ABOUT THIS EXERCISE:
For the material below, return exactly the lines starting at the one holding "从工业互联网运维实训室建成投" and ending at the one holding "Эта стильная футболка", counting both as part of the range.

AVAILABLE DATA:
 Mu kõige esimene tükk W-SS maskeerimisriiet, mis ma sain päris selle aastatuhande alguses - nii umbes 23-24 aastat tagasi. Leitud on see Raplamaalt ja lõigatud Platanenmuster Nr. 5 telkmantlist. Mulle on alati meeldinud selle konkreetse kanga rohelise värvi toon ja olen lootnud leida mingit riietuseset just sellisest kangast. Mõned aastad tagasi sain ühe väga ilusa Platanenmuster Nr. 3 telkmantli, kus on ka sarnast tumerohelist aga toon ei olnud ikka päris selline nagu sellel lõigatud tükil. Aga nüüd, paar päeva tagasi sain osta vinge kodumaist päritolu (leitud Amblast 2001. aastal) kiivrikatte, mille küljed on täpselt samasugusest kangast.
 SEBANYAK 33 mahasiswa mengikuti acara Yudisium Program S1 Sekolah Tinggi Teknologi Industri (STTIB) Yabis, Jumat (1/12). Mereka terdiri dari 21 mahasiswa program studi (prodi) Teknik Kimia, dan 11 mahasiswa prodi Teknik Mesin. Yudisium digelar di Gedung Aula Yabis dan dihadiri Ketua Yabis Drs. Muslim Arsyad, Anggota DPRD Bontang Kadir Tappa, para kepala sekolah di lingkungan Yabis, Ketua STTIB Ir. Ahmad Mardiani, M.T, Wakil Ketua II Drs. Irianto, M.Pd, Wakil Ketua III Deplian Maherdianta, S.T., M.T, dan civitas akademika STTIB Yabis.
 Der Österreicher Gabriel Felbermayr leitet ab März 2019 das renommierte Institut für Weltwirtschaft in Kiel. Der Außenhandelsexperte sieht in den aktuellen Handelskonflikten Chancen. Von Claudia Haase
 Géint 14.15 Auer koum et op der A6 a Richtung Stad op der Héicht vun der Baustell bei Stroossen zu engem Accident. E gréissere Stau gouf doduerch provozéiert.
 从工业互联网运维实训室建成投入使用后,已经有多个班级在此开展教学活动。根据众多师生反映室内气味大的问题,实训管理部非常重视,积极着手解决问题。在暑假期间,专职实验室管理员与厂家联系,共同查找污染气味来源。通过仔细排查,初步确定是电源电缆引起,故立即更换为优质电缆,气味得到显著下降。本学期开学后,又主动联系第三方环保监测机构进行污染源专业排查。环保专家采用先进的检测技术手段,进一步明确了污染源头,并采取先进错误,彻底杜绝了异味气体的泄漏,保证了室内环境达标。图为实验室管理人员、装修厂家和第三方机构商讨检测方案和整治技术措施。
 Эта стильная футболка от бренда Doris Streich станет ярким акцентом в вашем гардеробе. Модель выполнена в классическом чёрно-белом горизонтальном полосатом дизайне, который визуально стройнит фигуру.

* * *

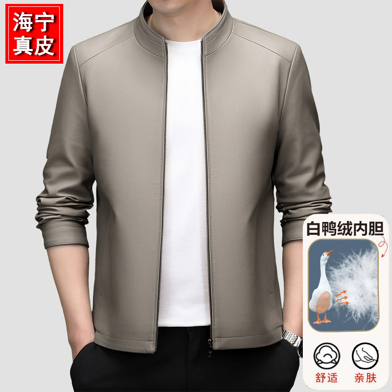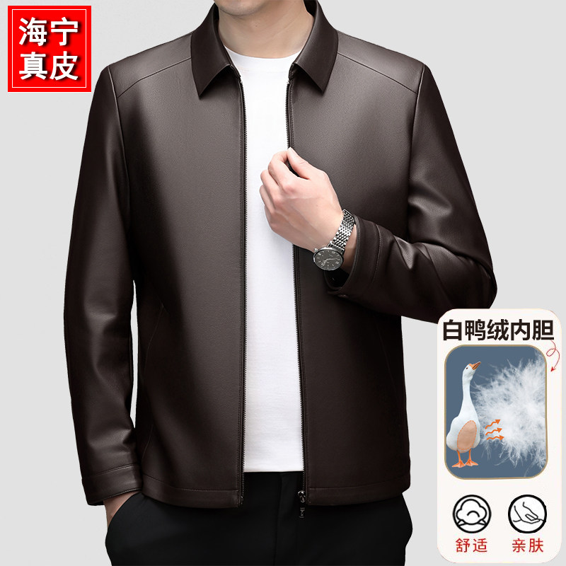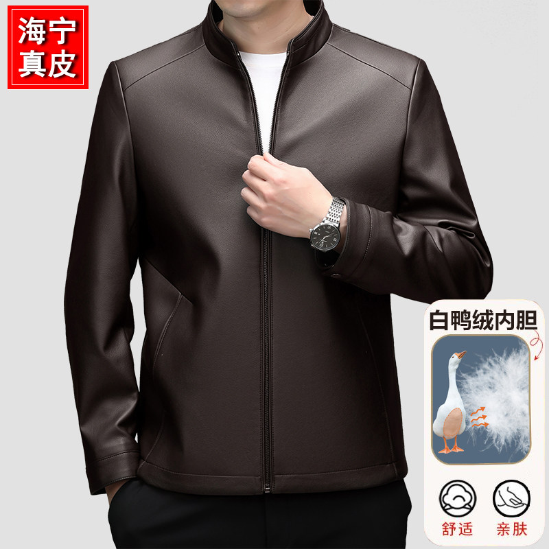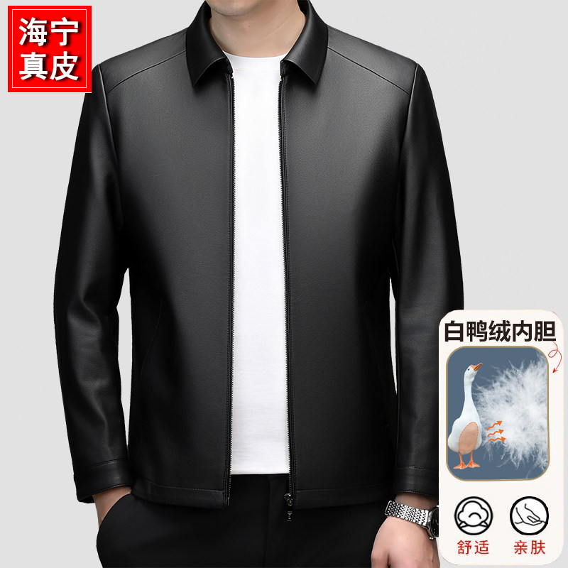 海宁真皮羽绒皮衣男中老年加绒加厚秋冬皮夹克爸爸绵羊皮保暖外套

REPLY:
 从工业互联网运维实训室建成投入使用后,已经有多个班级在此开展教学活动。根据众多师生反映室内气味大的问题,实训管理部非常重视,积极着手解决问题。在暑假期间,专职实验室管理员与厂家联系,共同查找污染气味来源。通过仔细排查,初步确定是电源电缆引起,故立即更换为优质电缆,气味得到显著下降。本学期开学后,又主动联系第三方环保监测机构进行污染源专业排查。环保专家采用先进的检测技术手段,进一步明确了污染源头,并采取先进错误,彻底杜绝了异味气体的泄漏,保证了室内环境达标。图为实验室管理人员、装修厂家和第三方机构商讨检测方案和整治技术措施。
 Эта стильная футболка от бренда Doris Streich станет ярким акцентом в вашем гардеробе. Модель выполнена в классическом чёрно-белом горизонтальном полосатом дизайне, который визуально стройнит фигуру.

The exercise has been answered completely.